From: Jakub Kicinski <kuba@kernel.org>
To: Yunsheng Lin <linyunsheng@huawei.com>
Cc: <davem@davemloft.net>, <olteanv@gmail.com>, <ast@kernel.org>,
<daniel@iogearbox.net>, <andriin@fb.com>, <edumazet@google.com>,
<weiwan@google.com>, <cong.wang@bytedance.com>,
<ap420073@gmail.com>, <netdev@vger.kernel.org>,
<linux-kernel@vger.kernel.org>, <linuxarm@openeuler.org>,
<mkl@pengutronix.de>, <linux-can@vger.kernel.org>,
<jhs@mojatatu.com>, <xiyou.wangcong@gmail.com>,
<jiri@resnulli.us>, <andrii@kernel.org>, <kafai@fb.com>,
<songliubraving@fb.com>, <yhs@fb.com>, <john.fastabend@gmail.com>,
<kpsingh@kernel.org>, <bpf@vger.kernel.org>,
<jonas.bonn@netrounds.com>, <pabeni@redhat.com>,
<mzhivich@akamai.com>, <johunt@akamai.com>, <albcamus@gmail.com>,
<kehuan.feng@gmail.com>, <a.fatoum@pengutronix.de>,
<atenart@kernel.org>, <alexander.duyck@gmail.com>,
<hdanton@sina.com>, <jgross@suse.com>, <JKosina@suse.com>,
<mkubecek@suse.cz>, <bjorn@kernel.org>, <alobakin@pm.me>
Subject: Re: [PATCH net-next 2/3] net: sched: implement TCQ_F_CAN_BYPASS for lockless qdisc
Date: Fri, 28 May 2021 18:00:12 -0700 [thread overview]
Message-ID: <20210528180012.676797d6@kicinski-fedora-PC1C0HJN.hsd1.ca.comcast.net> (raw)

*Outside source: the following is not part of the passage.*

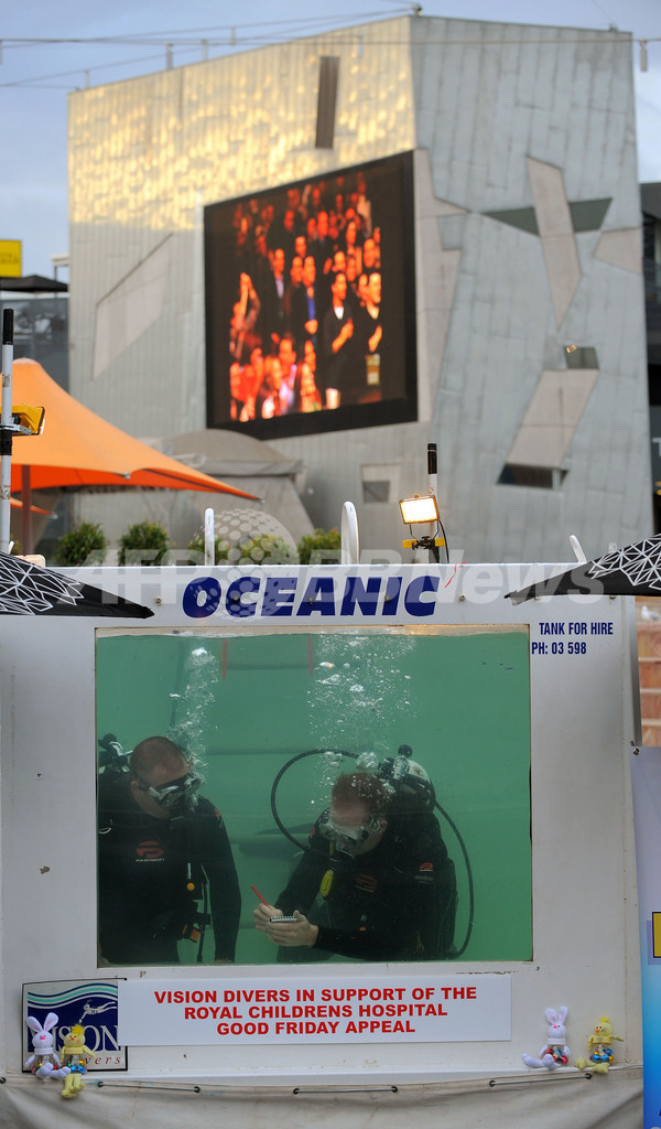 【4月5日 AFP】オーストラリアのメルボルン(Melbourne)で2日、「水中で行う三目並べ(○×ゲーム)」のギネス世界記録(Guinness World Records)への挑戦が行われた。現在の世界記録は24時間。挑戦者2人は、36時間を目指すという。記録挑戦は、キリスト教の復活祭(イースター、Easter)前の聖金曜日の、メルボルンの「ロイヤル小児病院(Royal Children's Hospital)」への募金活動のために行われた。(c)AFP

In-Reply-To: <1622170197-27370-3-git-send-email-linyunsheng@huawei.com>
On Fri, 28 May 2021 10:49:56 +0800 Yunsheng Lin wrote:
> Currently pfifo_fast has both TCQ_F_CAN_BYPASS and TCQ_F_NOLOCK
> flag set, but queue discipline by-pass does not work for lockless
> qdisc because skb is always enqueued to qdisc even when the qdisc
> is empty, see __dev_xmit_skb().
>
> This patch calls sch_direct_xmit() to transmit the skb directly
> to the driver for empty lockless qdisc, which aviod enqueuing
> and dequeuing operation.
>
> As qdisc->empty is not reliable to indicate a empty qdisc because
> there is a time window between enqueuing and setting qdisc->empty.

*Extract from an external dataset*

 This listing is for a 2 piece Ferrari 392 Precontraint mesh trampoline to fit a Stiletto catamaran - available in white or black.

> So we use the MISSED state added in commit a90c57f2cedd ("net:
> sched: fix packet stuck problem for lockless qdisc"), which
> indicate there is lock contention, suggesting that it is better
> not to do the qdisc bypass in order to avoid packet out of order
> problem.
>
> In order to make MISSED state reliable to indicate a empty qdisc,
> we need to ensure that testing and clearing of MISSED state is
> within the protection of qdisc->seqlock, only setting MISSED state
> can be done without the protection of qdisc->seqlock. A MISSED
> state testing is added without the protection of qdisc->seqlock to
> aviod doing unnecessary spin_trylock() for contention case.
>
> There are below cases that need special handling:
> 1. When MISSED state is cleared before another round of dequeuing
> in pfifo_fast_dequeue(), and __qdisc_run() might not be able to
> dequeue all skb in one round and call __netif_schedule(), which
> might result in a non-empty qdisc without MISSED set. In order
> to avoid this, the MISSED state is set for lockless qdisc and
> __netif_schedule() will be called at the end of qdisc_run_end.
>
> 2. The MISSED state also need to be set for lockless qdisc instead
> of calling __netif_schedule() directly when requeuing a skb for
> a similar reason.
>
> 3. For netdev queue stopped case, the MISSED case need clearing
> while the netdev queue is stopped, otherwise there may be
> unnecessary __netif_schedule() calling. So a new DRAINING state
> is added to indicate this case, which also indicate a non-empty
> qdisc.
>
> 4. As there is already netif_xmit_frozen_or_stopped() checking in
> dequeue_skb() and sch_direct_xmit(), which are both within the
> protection of qdisc->seqlock, but the same checking in
> __dev_xmit_skb() is without the protection, which might cause
> empty indication of a lockless qdisc to be not reliable. So
> remove the checking in __dev_xmit_skb(), and the checking in
> the protection of qdisc->seqlock seems enough to avoid the cpu
> consumption problem for netdev queue stopped case.
>
> Signed-off-by: Yunsheng Lin <linyunsheng@huawei.com>
> diff --git a/include/net/sch_generic.h b/include/net/sch_generic.h
> index 3ed6bcc..177f240 100644
> --- a/include/net/sch_generic.h
> +++ b/include/net/sch_generic.h
> @@ -37,8 +37,15 @@ enum qdisc_state_t {
> __QDISC_STATE_SCHED,
> __QDISC_STATE_DEACTIVATED,
> __QDISC_STATE_MISSED,
> + __QDISC_STATE_DRAINING,
> };
>
> +#define QDISC_STATE_MISSED BIT(__QDISC_STATE_MISSED)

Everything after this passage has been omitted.